Our Common Stock may be deemed a “penny stock,” which
would make it more difficult for our investors to sell their shares.
Our common stock may be subject to the “penny stock” rules
adopted under Section 15(g) of the Exchange Act. The penny stock rules generally apply to companies whose common stock is
not listed on The NASDAQ Stock Market or other national securities exchange and trades at less than $5.00 per share, other than
companies that have had average revenue of at least $6,000,000 for the last three years or that have tangible net worth of at
least $5,000,000 ($2,000,000 if the company has been operating for three or more years). These rules require, among other things,
that brokers who trade penny stock to persons other than “established customers” complete certain documentation, make
suitability inquiries of investors and provide investors with certain information concerning trading in the security, including
a risk disclosure document and quote information under certain circumstances. Many brokers have decided not to trade penny stocks
because of the requirements of the penny stock rules and, as a result, the number of broker-dealers willing to act as market makers
in such securities is limited. If we remain subject to the penny stock rules for any significant period, it could have an adverse
effect on the market, if any, for our securities. If our securities are subject to the penny stock rules, investors will find
it more difficult to dispose of our securities.
You may have difficulty trading and obtaining quotations for our
Common Stock.
Our securities are not actively traded, and the bid and asked prices for
our Common Stock on the Over-the-Counter Bulletin Board may fluctuate widely. As a result, investors may find it difficult to
dispose of, or to obtain accurate quotations of the price of, our securities. This severely limits the liquidity of the Common
Stock, and would likely reduce the market price of our Common Stock and hamper our ability to raise additional capital. There
is a limited market for our securities. Accordingly, investors may therefore bear the economic risk of an investment in the Securities
thereof, for an indefinite period of time. Even if an active market develops for the common stock, Rule 144 promulgated under
the Securities Act ("Rule 144"), which provides for an exemption from the registration requirements under the Securities
Act under certain conditions, requires, among other conditions, a one-year holding period prior to the resale (in limited amounts)

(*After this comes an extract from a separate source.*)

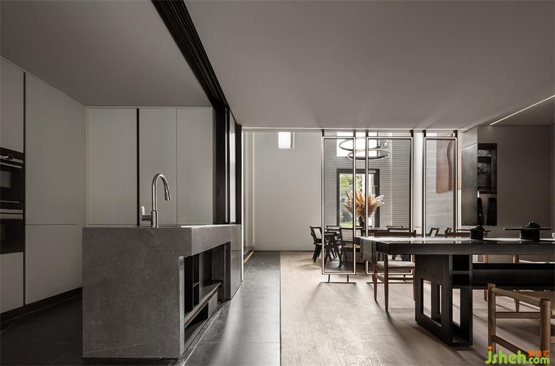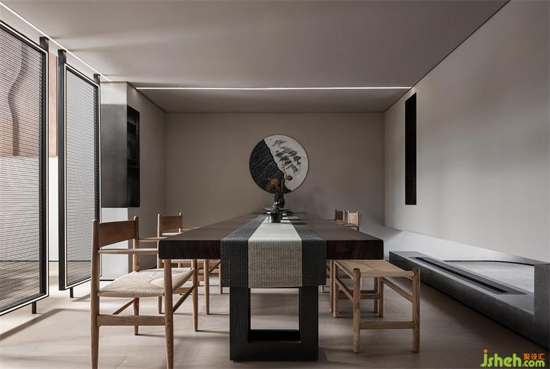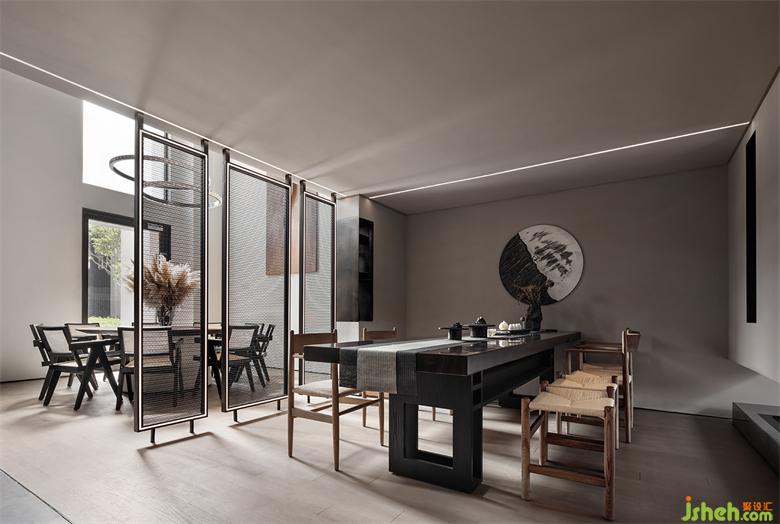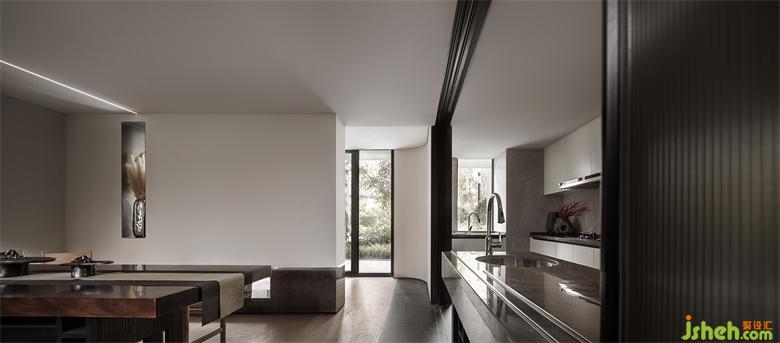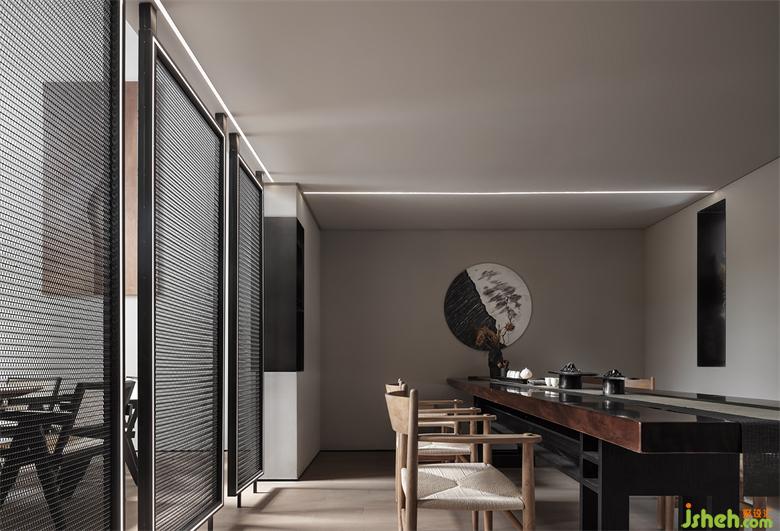 前廳的島臺與水吧臺透過墻體穿插連續(xù)在一起,“天際線”的光線延續(xù)了空間,將彼此牽引在一起。武漢會所設(shè)計平滑細(xì)膩黑鈦不銹鋼與富有肌理感的微水泥塑造沉靜感的異形空間,溫潤的木皮與冰冷的石材裝裱空間的張馳華麗。

of securities acquired in a non-public offering without having to satisfy the registration requirements under the Securities Act.
There can be no assurance that we will fulfill any reporting requirements in the future under the Securities Exchange Act of 1934,
as amended, or disseminate to the public any current financial or other information concerning the Company, as is required by
Rule 144 as part of the conditions of its availability. Our securities have not been registered under the Securities Act.